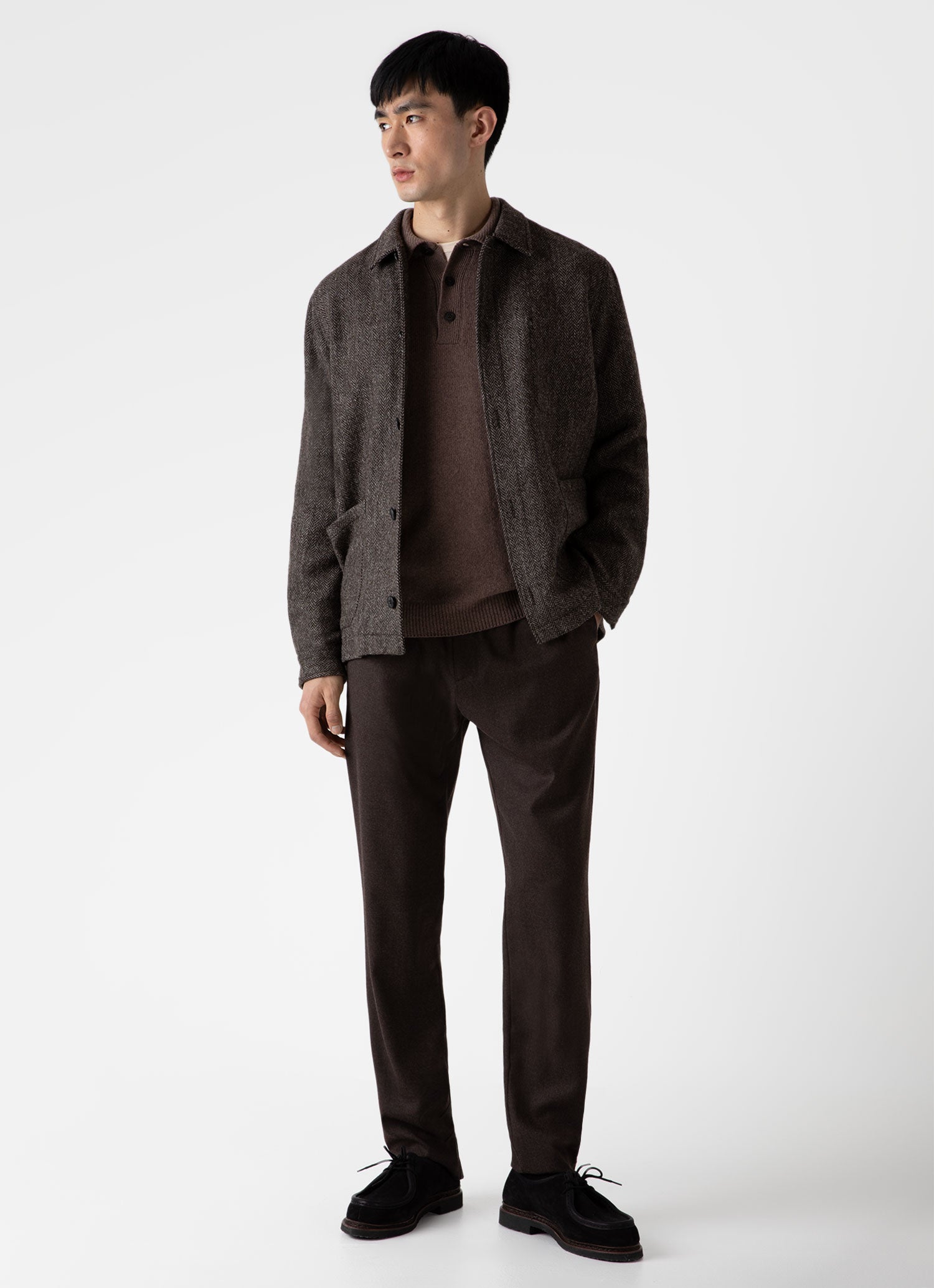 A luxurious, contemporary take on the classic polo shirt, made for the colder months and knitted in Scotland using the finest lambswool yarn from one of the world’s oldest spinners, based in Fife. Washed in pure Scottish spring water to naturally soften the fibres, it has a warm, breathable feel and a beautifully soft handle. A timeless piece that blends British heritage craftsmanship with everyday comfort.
•••••
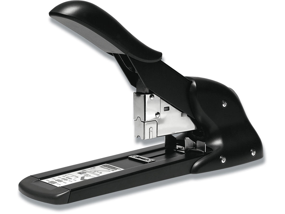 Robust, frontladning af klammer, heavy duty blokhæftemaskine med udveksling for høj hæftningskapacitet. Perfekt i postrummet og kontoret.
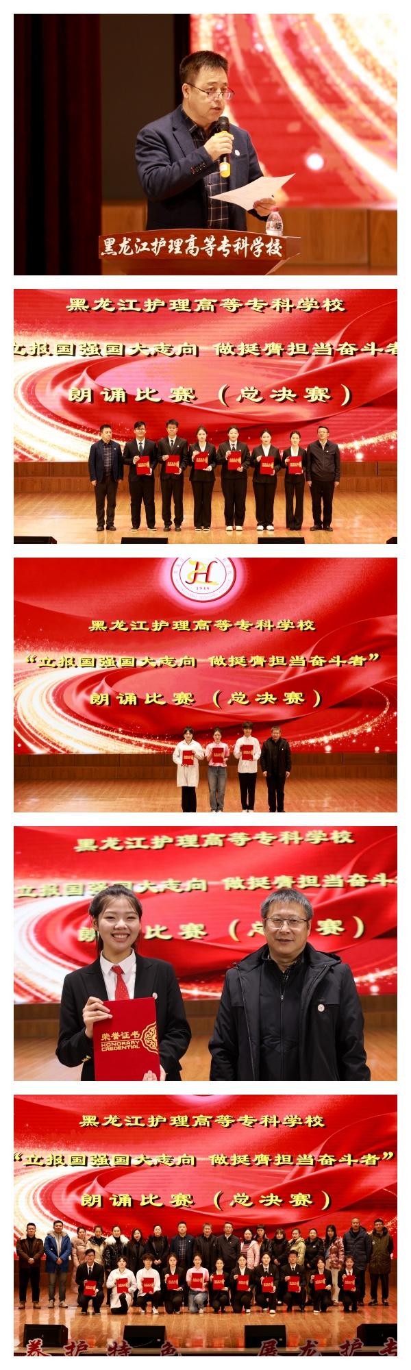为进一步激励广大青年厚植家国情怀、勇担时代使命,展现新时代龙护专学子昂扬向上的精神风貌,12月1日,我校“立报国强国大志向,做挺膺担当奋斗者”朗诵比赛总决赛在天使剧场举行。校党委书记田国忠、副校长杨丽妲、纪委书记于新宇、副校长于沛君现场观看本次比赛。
•••••
[TASK OBJECTIVE]: Exact copy, no pictures. Write out the lines in the entries above, starting with the line with "Robust, frontladning af" and going on through the line with "为进一步激励广大青年厚植家国", keeping both.

[SOLUTION TO THE PROBLEM]:
 Robust, frontladning af klammer, heavy duty blokhæftemaskine med udveksling for høj hæftningskapacitet. Perfekt i postrummet og kontoret.
为进一步激励广大青年厚植家国情怀、勇担时代使命,展现新时代龙护专学子昂扬向上的精神风貌,12月1日,我校“立报国强国大志向,做挺膺担当奋斗者”朗诵比赛总决赛在天使剧场举行。校党委书记田国忠、副校长杨丽妲、纪委书记于新宇、副校长于沛君现场观看本次比赛。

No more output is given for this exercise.